Editor’s notes: Despite their heightened HIV vulnerability, adolescent girls are under-represented in clinical trials on HIV prevention technologies. Domestic violence is a known HIV risk factor for adolescent girls and the authors posit that it may also be a barrier to their participation in clinical trials. This lack of participation may in turn inhibit their access to future prevention technologies. This paper contributes both methodological insights about the measures that can be applied in low-income settings to screen for domestic violence and substantive evidence about the high rates of familial as well as partner associated violence and battering among this group.

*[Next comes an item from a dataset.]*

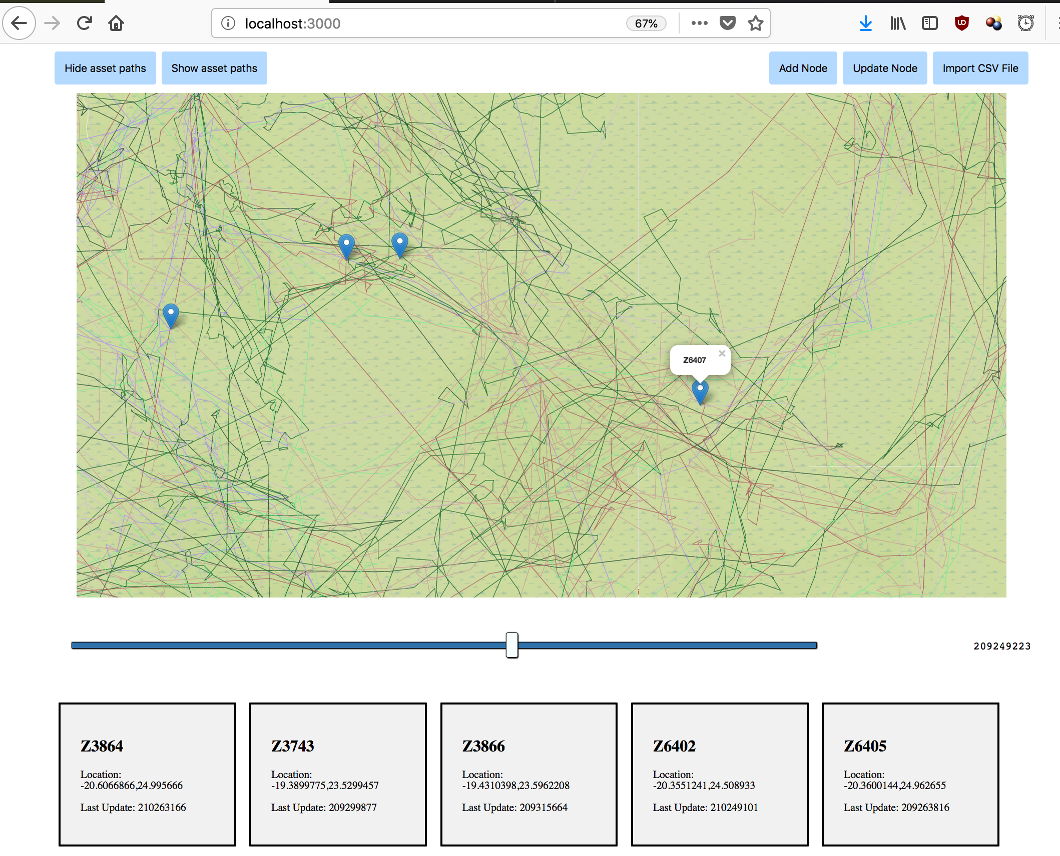 We can also click the "Show all paths" button to draw the path traversed by each asset.

The paper draws on data from a larger study conducted in the United Republic of Tanzania which examined recruitment and retention of adolescent girls, aged 15-21 years, in HIV prevention trials. The paper examines the prevalence and type of domestic violence among this group and the capacity of the Women’s Experience with Battering (WEB) scale to measure this. Although the WEB scale has not been used in low income countries before, the authors report that it may have considerable value in identifying exposure to domestic violence and battering among trial participants. Certain adaptations may be necessary, to identify women who are subject to violence and battering but do no report being afraid of the perpetrator. The qualitative study component suggests that this may reflect how beatings are considered a normal aspect of intimate and familial relations. Although this assessment tool is likely to be able to inform trial retention initiatives, the adolescent girls need to be able to participate in these trials. So the use of the scale appears to be limited in its contribution to improving initial recruitment into trials.

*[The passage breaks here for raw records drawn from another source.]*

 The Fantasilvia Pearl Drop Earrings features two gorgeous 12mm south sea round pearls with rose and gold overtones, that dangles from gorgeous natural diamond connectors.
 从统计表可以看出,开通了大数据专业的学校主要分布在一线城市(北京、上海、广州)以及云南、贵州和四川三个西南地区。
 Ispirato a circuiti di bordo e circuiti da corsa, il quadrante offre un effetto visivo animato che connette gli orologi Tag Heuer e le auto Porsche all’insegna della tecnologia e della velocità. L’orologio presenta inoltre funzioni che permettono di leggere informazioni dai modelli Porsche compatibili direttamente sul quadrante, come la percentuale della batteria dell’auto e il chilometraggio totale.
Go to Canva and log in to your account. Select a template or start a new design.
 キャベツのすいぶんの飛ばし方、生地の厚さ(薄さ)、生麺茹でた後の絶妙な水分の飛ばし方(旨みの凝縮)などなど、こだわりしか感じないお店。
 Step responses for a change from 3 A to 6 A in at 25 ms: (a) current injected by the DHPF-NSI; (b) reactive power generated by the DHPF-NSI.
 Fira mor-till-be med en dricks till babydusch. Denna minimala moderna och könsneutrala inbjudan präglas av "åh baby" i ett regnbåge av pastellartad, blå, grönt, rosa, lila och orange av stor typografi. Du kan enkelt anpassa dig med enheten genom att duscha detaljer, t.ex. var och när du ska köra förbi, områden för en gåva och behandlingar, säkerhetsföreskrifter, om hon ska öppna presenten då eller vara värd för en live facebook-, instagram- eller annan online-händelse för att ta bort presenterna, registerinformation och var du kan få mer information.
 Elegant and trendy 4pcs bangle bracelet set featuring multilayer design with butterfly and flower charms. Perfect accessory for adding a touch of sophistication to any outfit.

The levels of familial battering were higher than expected. This is likely to have implications for parental roles in research and contributes to the ethical concerns of relying on parental consent in HIV prevention trials rather than pursuing the route of autonomy in consenting. This is illustrated by the study itself requiring parental consent for girls aged 15 years.  This paper’s focus was on how to address the under-representation of adolescent girls in HIV prevention trials. Further, it provides valuable evidence on the high rates of exposure of adolescent girls to domestic violence from partners and their relatives. This evidence contributes to the call for greater attention to adolescent domestic violence in global health.